*** Block opens ***

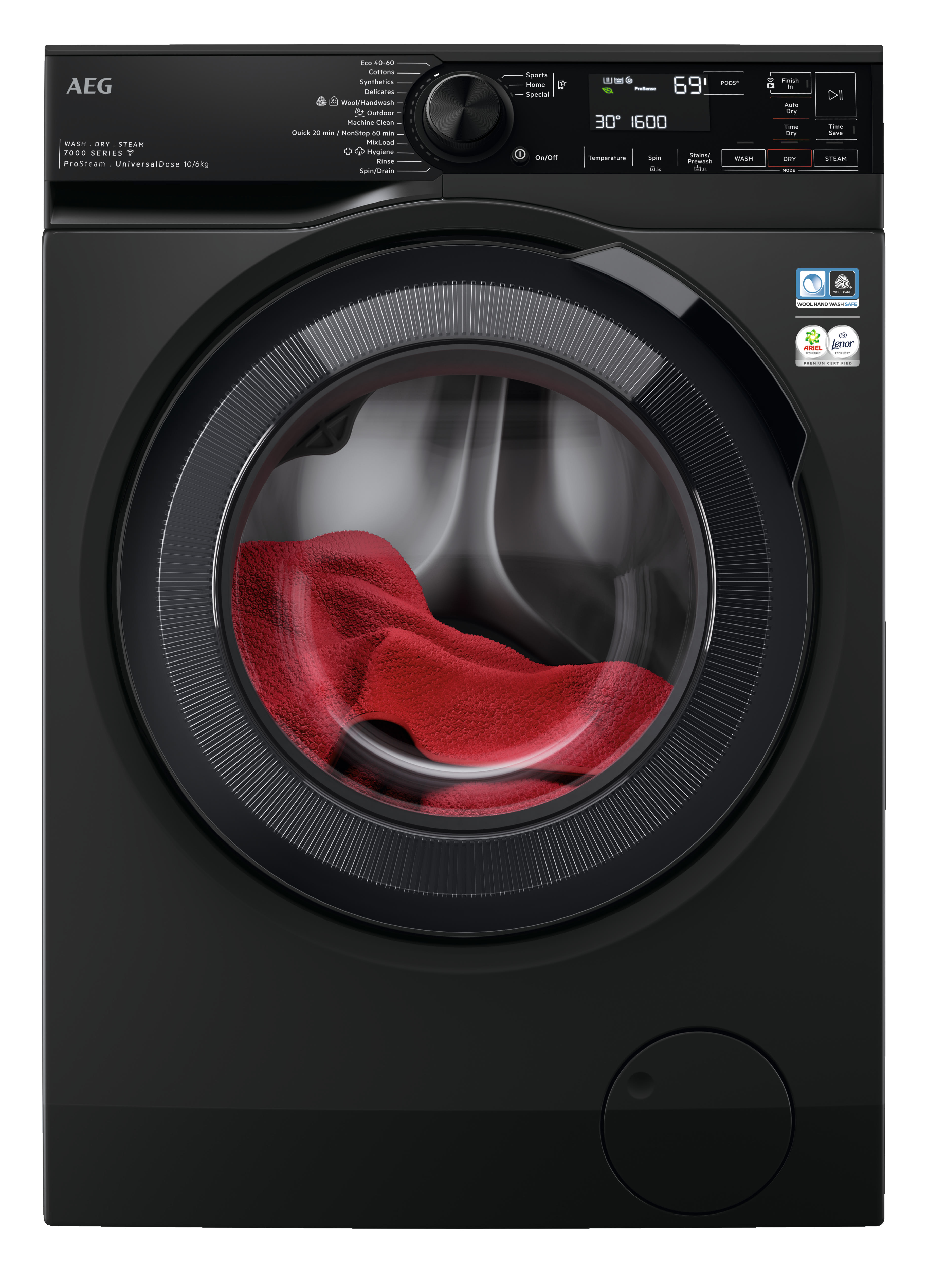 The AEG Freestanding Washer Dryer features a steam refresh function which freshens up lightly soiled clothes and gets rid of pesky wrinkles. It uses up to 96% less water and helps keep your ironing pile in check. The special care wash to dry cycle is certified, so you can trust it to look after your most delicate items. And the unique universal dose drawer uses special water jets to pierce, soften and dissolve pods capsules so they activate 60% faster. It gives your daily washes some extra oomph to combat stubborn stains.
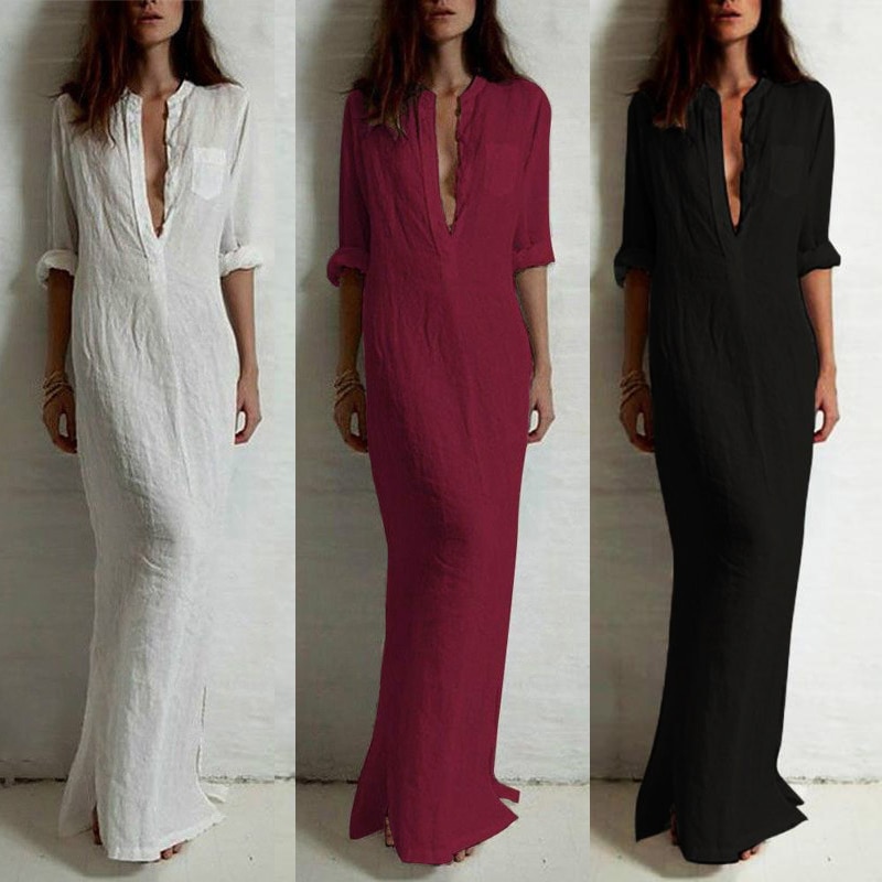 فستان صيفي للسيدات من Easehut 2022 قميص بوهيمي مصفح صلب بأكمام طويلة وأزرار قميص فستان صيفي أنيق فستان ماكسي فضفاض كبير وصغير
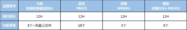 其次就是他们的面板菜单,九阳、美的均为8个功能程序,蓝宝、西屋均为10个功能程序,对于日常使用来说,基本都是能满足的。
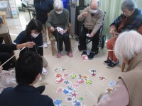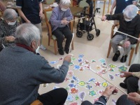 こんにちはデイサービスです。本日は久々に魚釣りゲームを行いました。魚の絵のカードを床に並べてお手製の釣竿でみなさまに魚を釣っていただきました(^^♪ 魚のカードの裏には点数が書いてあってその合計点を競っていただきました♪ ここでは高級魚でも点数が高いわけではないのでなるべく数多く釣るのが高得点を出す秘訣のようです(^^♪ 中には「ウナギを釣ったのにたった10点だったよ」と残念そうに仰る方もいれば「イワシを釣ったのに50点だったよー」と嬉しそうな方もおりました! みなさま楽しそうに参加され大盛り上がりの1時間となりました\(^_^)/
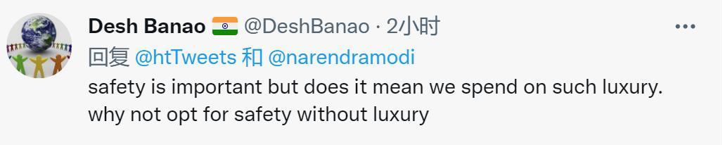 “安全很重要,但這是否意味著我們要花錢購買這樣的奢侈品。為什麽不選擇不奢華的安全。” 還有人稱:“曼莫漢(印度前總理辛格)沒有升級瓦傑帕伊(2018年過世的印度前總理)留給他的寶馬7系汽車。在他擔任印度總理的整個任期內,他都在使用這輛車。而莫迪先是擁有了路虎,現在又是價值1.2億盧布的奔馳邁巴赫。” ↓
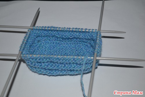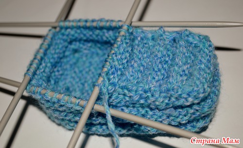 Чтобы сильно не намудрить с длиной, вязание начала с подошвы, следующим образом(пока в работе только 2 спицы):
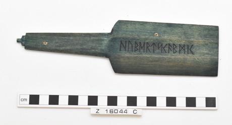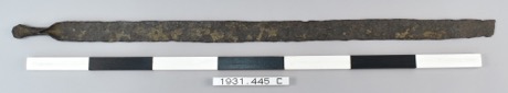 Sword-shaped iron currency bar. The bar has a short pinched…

*** Block closes ***

— Task directions —
Each line from the one containing "Чтобы сильно не" to the final line of the data must be printed exactly, both included, with nothing else and no pictures.

— Solution for this exercise —
 Чтобы сильно не намудрить с длиной, вязание начала с подошвы, следующим образом(пока в работе только 2 спицы):
 Sword-shaped iron currency bar. The bar has a short pinched…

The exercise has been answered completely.